Data segment.
· · ·
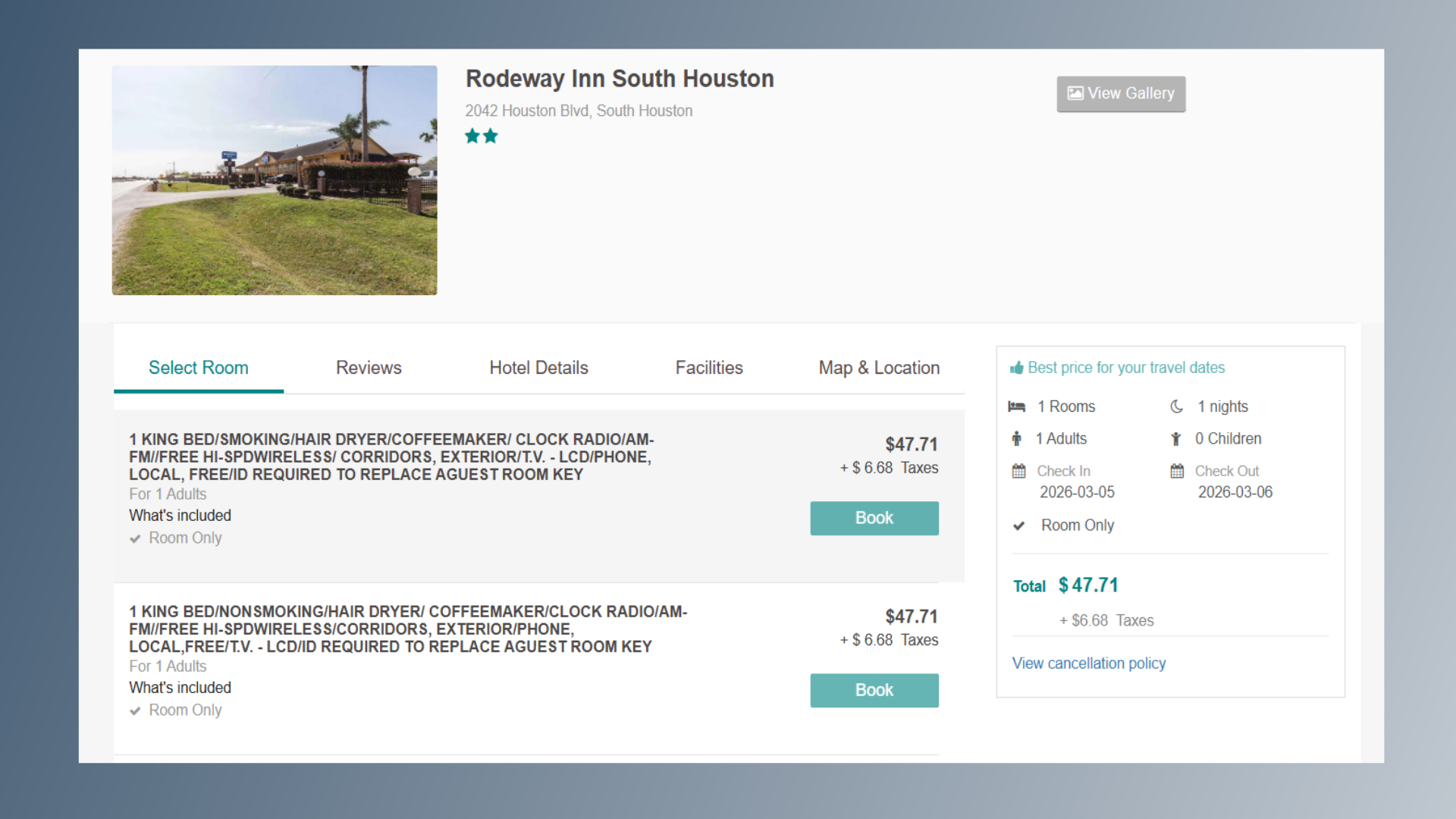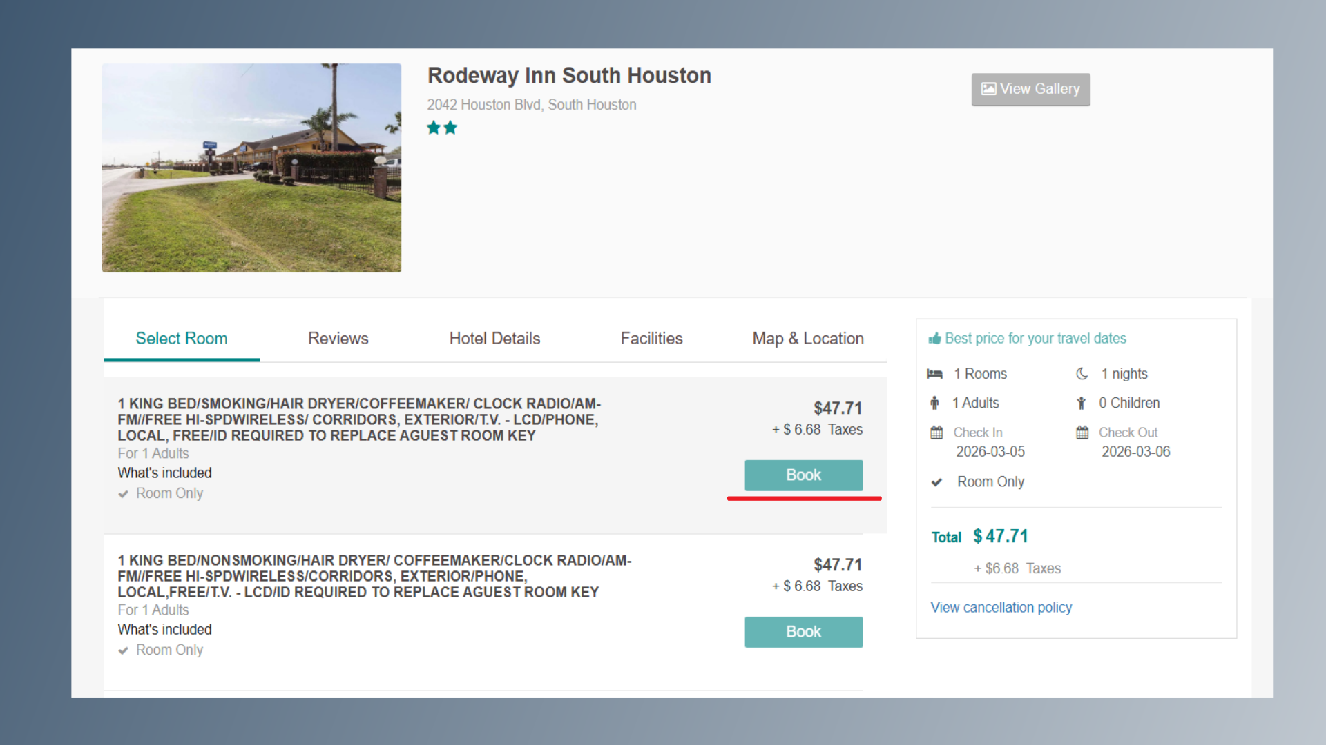 After that, click on the desired room type to view the total price, taxes, and cancellation policy.
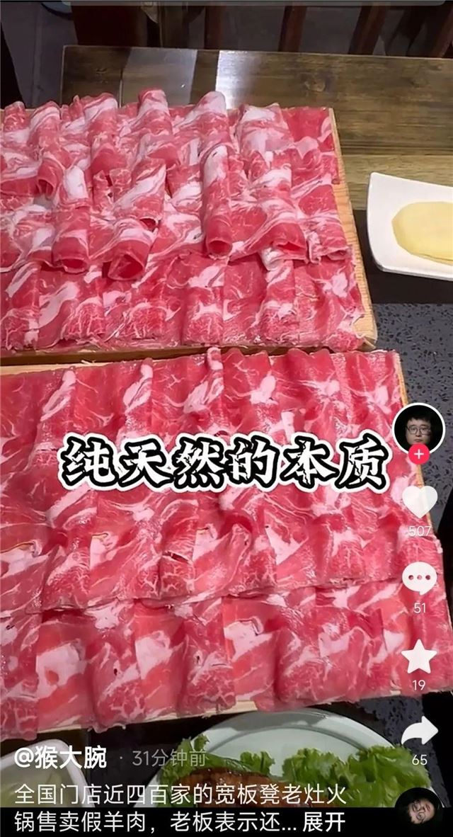 也有网友怀疑羊肉被博主调换过。还有网友称,羊肉为总部配送,感觉不能全怪老板。
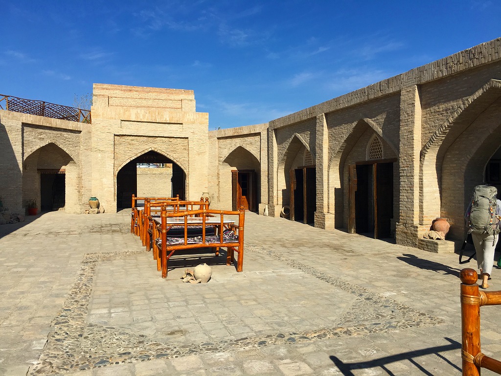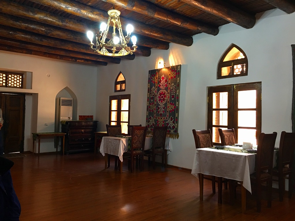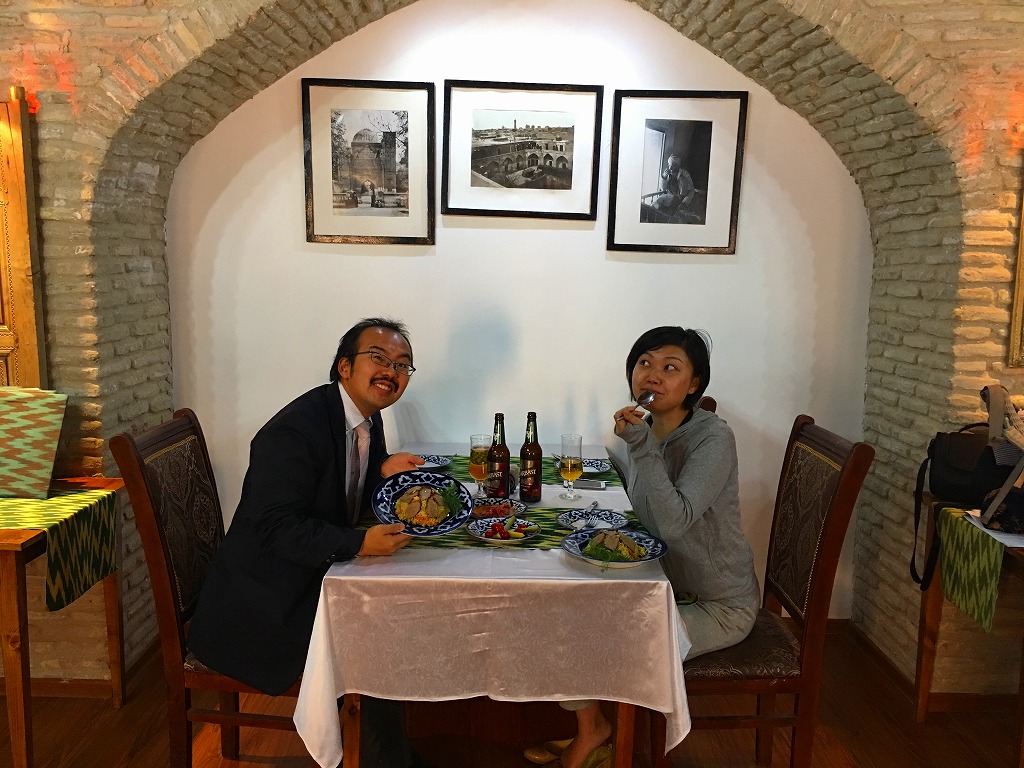 20161113 ブハラでランチ ブハラに到着し、早速ランチですラビハウス脇のレストランブドラディンで昼食、飛び跳ねて喜ぶ観光隊員古きマドラサを改装したレストランですとりあえずビールとサラダブハラのプロフは若干香辛料が入りスパイシー。食事を満喫し、ここで解散ですにほんブログ村ランキングに参加しています、各バナーのいずれかをクリック頂ければ、活動の励みになります(新規ウインドウで開きます)
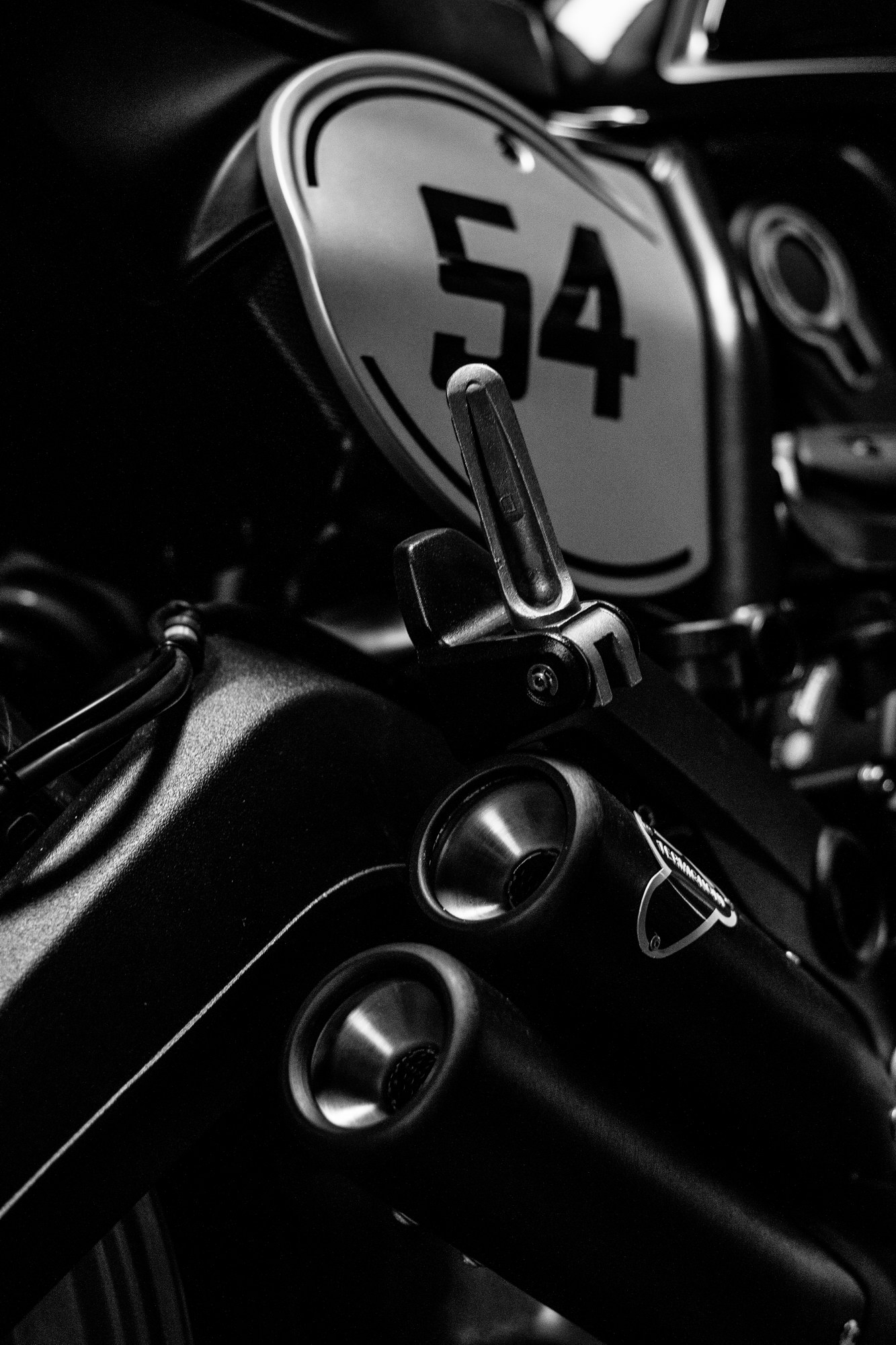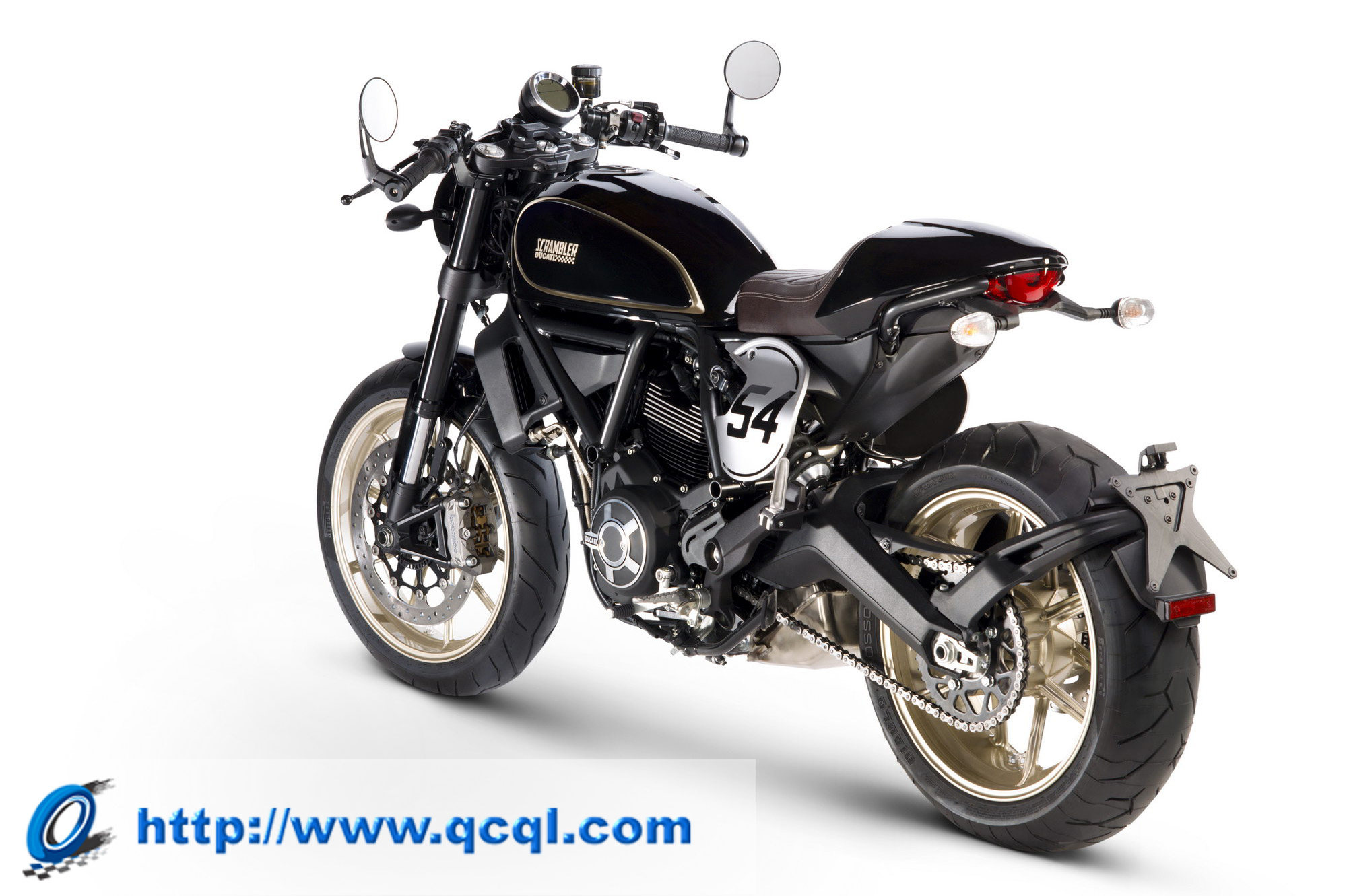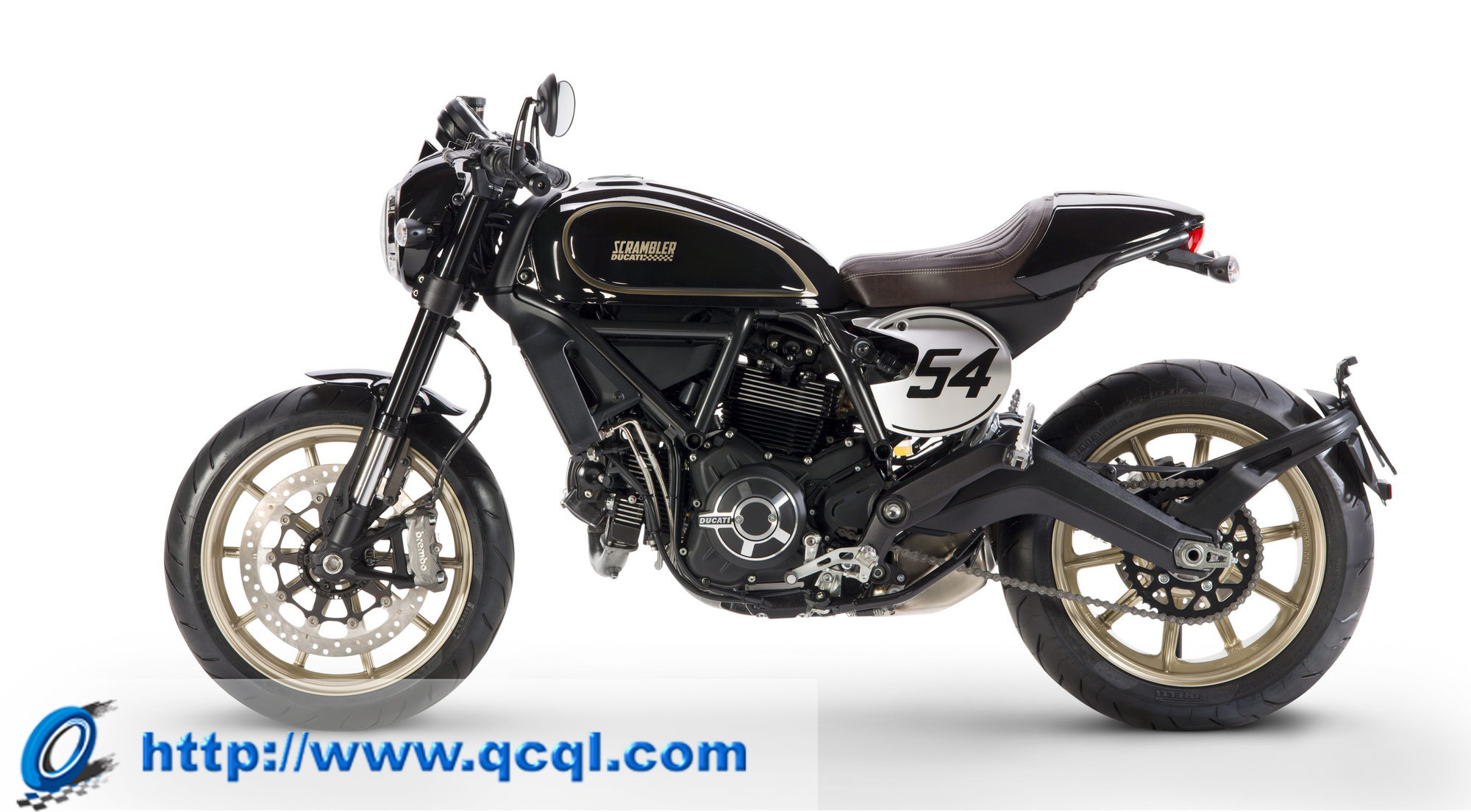 新的 “ 咖啡賽車 ” 搭載一副與 “ 自游 ” 同系列的風(fēng)冷兩沖程 L 型兩汽缸(V 型 90 度兩汽缸)的發(fā)動機,排汽量 803 cc,最大動力輸出 55 kw(75 匹),符合歐四排放標(biāo)準(zhǔn)。顧名思義,新的 “ 咖啡賽車 ” 采用了一個老式賽車風(fēng)格的外觀造型,黑色為主襯以金色的線條,編號 54 是為了向六十年代杜卡迪的車手 Bruno Spaggiari 致敬。鞍座的設(shè)計比之前的幾個版本要高(805 mm :790 mm),同時標(biāo)配了 Termignoni 的排汽管。
· · ·
Task item. The whole listing should be reproduced exactly. Images don't go in.

Answer to this problem.
 After that, click on the desired room type to view the total price, taxes, and cancellation policy.
 也有网友怀疑羊肉被博主调换过。还有网友称,羊肉为总部配送,感觉不能全怪老板。
 20161113 ブハラでランチ ブハラに到着し、早速ランチですラビハウス脇のレストランブドラディンで昼食、飛び跳ねて喜ぶ観光隊員古きマドラサを改装したレストランですとりあえずビールとサラダブハラのプロフは若干香辛料が入りスパイシー。食事を満喫し、ここで解散ですにほんブログ村ランキングに参加しています、各バナーのいずれかをクリック頂ければ、活動の励みになります(新規ウインドウで開きます)
 新的 “ 咖啡賽車 ” 搭載一副與 “ 自游 ” 同系列的風(fēng)冷兩沖程 L 型兩汽缸(V 型 90 度兩汽缸)的發(fā)動機,排汽量 803 cc,最大動力輸出 55 kw(75 匹),符合歐四排放標(biāo)準(zhǔn)。顧名思義,新的 “ 咖啡賽車 ” 采用了一個老式賽車風(fēng)格的外觀造型,黑色為主襯以金色的線條,編號 54 是為了向六十年代杜卡迪的車手 Bruno Spaggiari 致敬。鞍座的設(shè)計比之前的幾個版本要高(805 mm :790 mm),同時標(biāo)配了 Termignoni 的排汽管。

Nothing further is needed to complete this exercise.